FastLanguageModel.for_inference(model) # Enable native 2x faster inference
messages = [                    # Change below!
    {"role": "user", "content": "Continue the fibonacci sequence! Your input is 1, 1, 2, 3, 5, 8,"},
]
input_ids = tokenizer.apply_chat_template(
    messages,
    add_generation_prompt = True,
    return_tensors = "pt",
).to("cuda")

from transformers import TextStreamer
text_streamer = TextStreamer(tokenizer, skip_prompt = True)
_ = model.generate(input_ids, streamer = text_streamer, max_new_tokens = 128, pad_token_id = tokenizer.eos_token_id)
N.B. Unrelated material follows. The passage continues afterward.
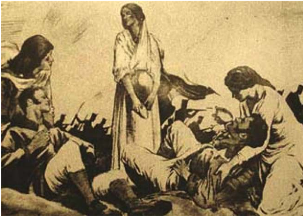
Figura 1 – Niñas de Ayohuma. S/f. Hasta el momento no se ha encontrado el original de esta foto, pero es la que más ha trascendido

49 Sobre ello es significativo considerar que en esta "desaparición simbólica" de los afrodescendientes no solo contribuyeron autores y textos canónicos de la construcción de la nación "blanca" y "europea", sino también periodistas, escritores, humoristas y dibujantes, a través de notas de actualidad, relatos de ficción, humor, chistes, fotografías, propagandas, cuentos y manuales escolares. Como lo ha explicado Alejandro Frigerio, los afrodescendientes fueron desapareciendo a través "de estas diversas arenas discursivas y gráficas con éxitos y velocidades diferenciados desde fines del siglo XIX hasta entrado el siglo XX". 69 Las variadas representaciones de "Las Niñas de Ayohuma" pueden ser un buen ejemplo de la significación que asumen las representaciones blanqueadoras en la invisibilización de los afrodescendientes de la escena pública argentina. A través de las figuras 1,2 y 3, correspondientes al siglo XX, se observa que las representaciones desracializadas de las Niñas de Ayohuma son manifestaciones de la "desaparición simbólica" de los descendientes de africanos del escenario argentino.

# Since we created an actual chatbot, you can also do longer conversations by manually adding alternating conversations between the user and assistant!

# In[15]:


FastLanguageModel.for_inference(model) # Enable native 2x faster inference
messages = [                         # Change below!
    {"role": "user",      "content": "Continue the fibonacci sequence! Your input is 1, 1, 2, 3, 5, 8"},
    {"role": "assistant", "content": "The fibonacci sequence continues as 13, 21, 34, 55 and 89."},
    {"role": "user",      "content": "What is France's tallest tower called?"},
]
input_ids = tokenizer.apply_chat_template(
    messages,
    add_generation_prompt = True,
    return_tensors = "pt",
).to("cuda")

from transformers import TextStreamer
text_streamer = TextStreamer(tokenizer, skip_prompt = True)
_ = model.generate(input_ids, streamer = text_streamer, max_new_tokens = 128, pad_token_id = tokenizer.eos_token_id)


# <a name="Save"></a>
# ### Saving, loading finetuned models
# To save the final model as LoRA adapters, either use Huggingface's `push_to_hub` for an online save or `save_pretrained` for a local save.
# 
# **[NOTE]** This ONLY saves the LoRA adapters, and not the full model. To save to 16bit or GGUF, scroll down!

# In[16]:


model.save_pretrained("model")  # Local saving
tokenizer.save_pretrained("model")
# model.push_to_hub("your_name/lora_model", token = "...") # Online saving
# tokenizer.push_to_hub("your_name/lora_model", token = "...") # Online saving


# Now if you want to load the LoRA adapters we just saved for inference, set `False` to `True`:

# In[17]:


if False:
    from unsloth import FastLanguageModel
    model, tokenizer = FastLanguageModel.from_pretrained(
        model_name = "model", # YOUR MODEL YOU USED FOR TRAINING
        max_seq_length = max_seq_length,
        dtype = dtype,
        load_in_4bit = load_in_4bit,
    )
    FastLanguageModel.for_inference(model) # Enable native 2x faster inference
pass

messages = [                    # Change below!
    {"role": "user", "content": "Describe anything special about a sequence. Your input is 1, 1, 2, 3, 5, 8,"},
]
input_ids = tokenizer.apply_chat_template(
    messages,
    add_generation_prompt = True,
    return_tensors = "pt",
).to("cuda")

from transformers import TextStreamer
text_streamer = TextStreamer(tokenizer, skip_prompt = True)
_ = model.generate(input_ids, streamer = text_streamer, max_new_tokens = 128, pad_token_id = tokenizer.eos_token_id)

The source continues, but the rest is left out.